The above issues will stimulate active growth and increase the importance of existing or new departments within companies that provide:

  • Strategic planning of company growth by applying Directed Evolution methods and techniques.
  • Prediction and prevention of potential negative effects, and diagnosis and elimination of existing negative effects.
  • Effective IP control.
  • Effective control of information flows, ensuring victory in various informational wars.

Changes to the stock market

E-commerce caused revolutionary changes to the stock market; the ability to invest online has added millions of new market players (over 20 million in the U.S.). Although most of these new investors operate with small capital, overall they control a huge amount of capital. Most importantly, many of them are not qualified to make adequate investment decisions.

The flood of new investors makes the stock market more homogeneous on the one hand, but also more prone to spontaneous action influenced by panic or fashion, decreasing the stability of the stock market and making it susceptible to investments in questionable projects that look fashionable and attractive to the public. We witnessed this phenomenon in the “dot.com” boom and collapse, which contributed greatly to the economic recession that followed.

Today, with the economy still in recovery, this “wild investor” factor again becomes important. Effective management of this process, based on PR methods, could become one of the most important financial instruments of evolution.

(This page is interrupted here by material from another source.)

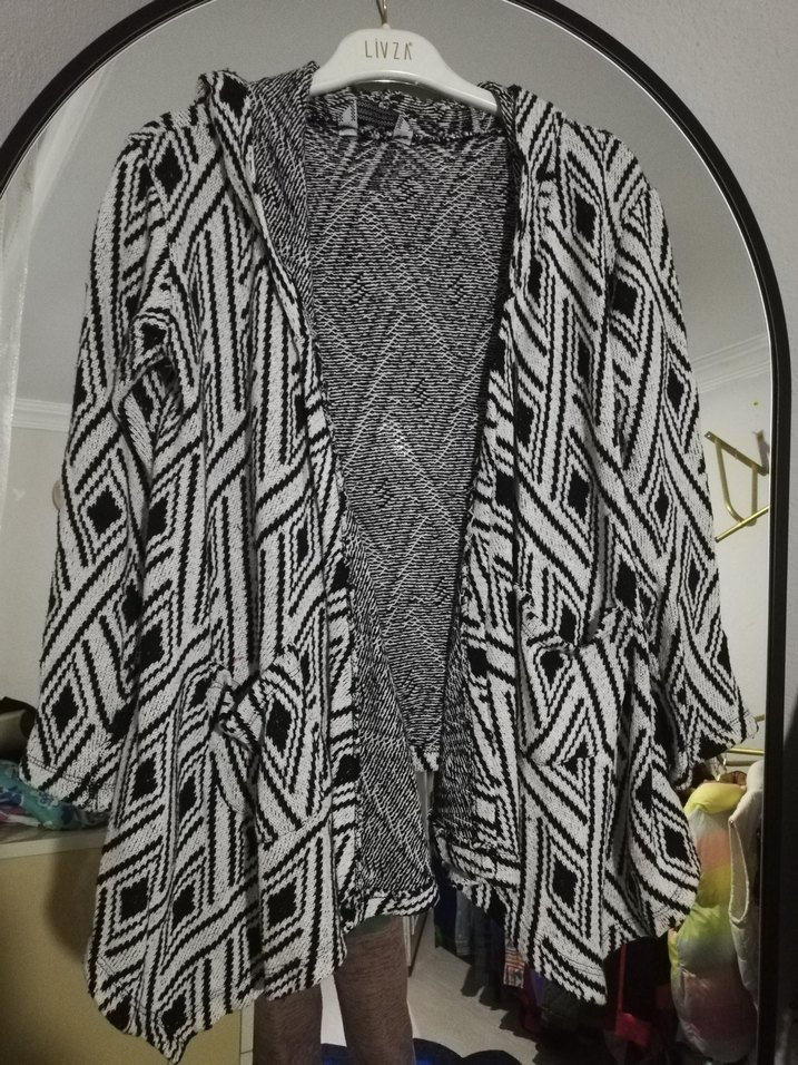 Uzun, bol kesim ve V yaka olan bu hırka, desenli örme yapısıyla bohem tarzını koyu gri tonlarda yansıtıyor.
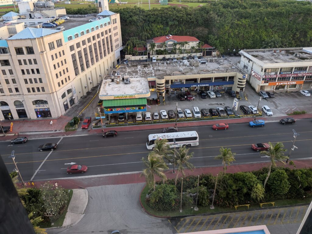 ↑下を見るとホテルの向かいにあるABCストアやその隣にある老舗レストランのジャマイカングリル、さらにはロイヤルオーキッドホテルが見えました。

Customer/user individualization

The transition from paying for purchases with cash, to paying by check, then credit cards and, recently, Internet purchasing has created a growing opportunity for customer identification and monitoring of purchasing patterns. This trend will continue and strengthen due to contributions from RFID (Radio Frequency Identification Device) systems with which the flow of goods can be monitored.

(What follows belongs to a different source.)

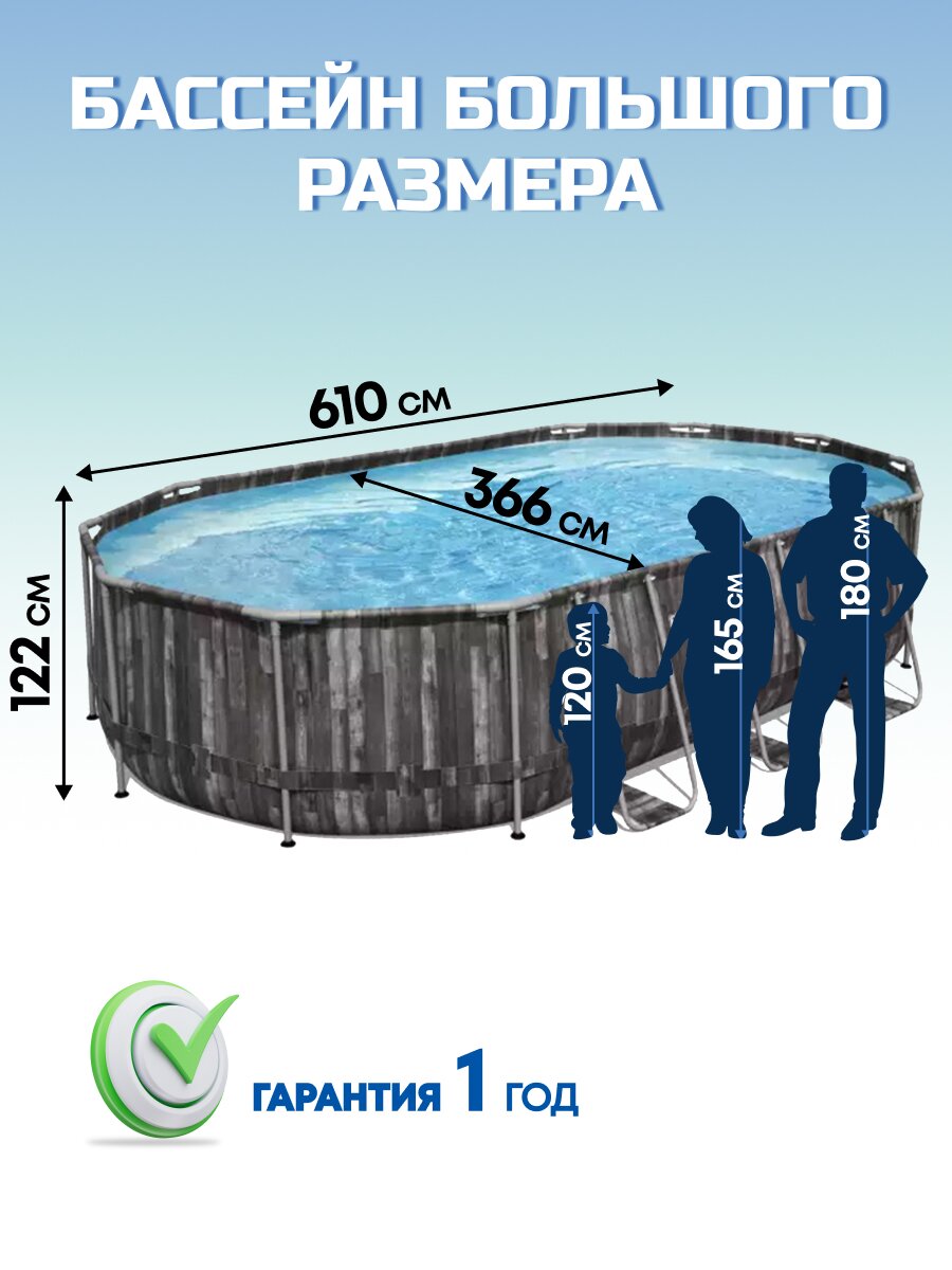 Погрузитесь в мир комфорта и наслаждения с каркасным бассейном Bestway Power Steel Oval Pool. Этот великолепный бассейн станет идеальным дополнением для дачи, превращая отдых на свежем воздухе в настоящее удовольствие. С его внушительными размерами 610х366х122 см и объемом 20241 литр, он предоставляет достаточно пространства для всей семьи и друзей. Овальная форма бассейна в сочетании с имитацией дерева темно-серого цвета добавляет элегантности и стиля вашему участку.

This trend will allow for the monitoring of customer preferences, problems, previously purchased items, etc. It will also facilitate the creation of a system for blocking children from purchasing products that can be utilized inappropriately (for example, a card used to make purchases will contain an individual’s age and therefore disallow certain purchases just as today there are restrictions in some areas on buying liquor on Sundays or before a certain hour).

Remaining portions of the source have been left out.